European health agency warns Europe may not get rid of monkeypox if outbreak continues | monkeypox

If we don’t control the monkeypox virus outbreak in Europe, there is a risk of the condition becoming ‘endemic’. That says the European Center for Disease Prevention and Control (ECDC) in a new report.

We speak of an endemism if an infectious disease occurs in a certain area without patients contracting it elsewhere and if the number of infections remains fairly constant (because there are about as many new cases as there are disappearances, through healing or death).

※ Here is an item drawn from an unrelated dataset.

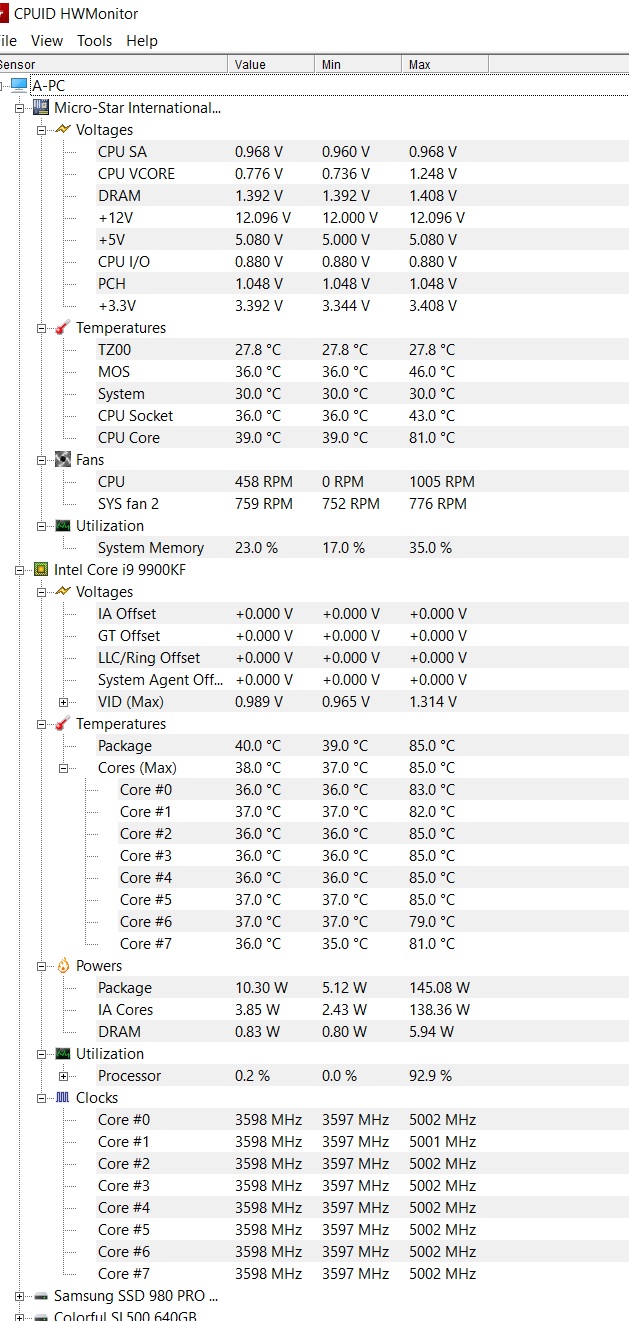ты вообще понимаешь как работает турбо буст на 9900k? у процессора есть несколько шагов буста, если какой-то софт грузит только 4-6 адер (не помню точно их число) то эта ядра бустятся до 4800мгц, если нагрузка на все 8 ядер то все ядра 4700мгц, если только на одно ядро то 5ггцц. в этом гикбенче целый ряд разных бенчей, и там явно процессор большинство времени грузится не на полную мощность а это значит что только нагружается только часть ядер а может и в каком-то замере только одно ядро.

Until now, monkeypox mainly occurred in West and Central Africa. If the disease appeared in Europe in the past, it was usually linked to travelers who had been to that region. In recent weeks, however, monkeypox has been diagnosed in several places in Europe in patients with no link to the listed areas in Africa. That means that the virus has been able to spread in Europe.

Wild animal

If the virus also succeeds in transferring from humans to a wild animal in Europe, the specter of the endemism looms. The animal can then serve as a reservoir for the virus, infect other animals and the virus can jump back to humans from there.

© REUTERS

The ECDC calls the risk “very small”. Little is currently known about the suitability of European mammalian species to host monkeypox virus. the risk assessment† “However, it is likely that rodents – and squirrel species in particular – are suitable hosts. And transmission from humans to pets is also theoretically possible.”

Quick identification

The ECDC therefore recommends that there be close collaboration between human and animal health services to monitor exposed animals and prevent the disease from spreading to wildlife. Rapid identification, treatment and reporting of new cases is very important.

There are currently more than 260 possible or confirmed cases of monkeypox in some 20 countries and the number is steadily rising. This not only concerns European countries such as Belgium, the Netherlands, Germany and France, but also the United States, Australia and Morocco, among others.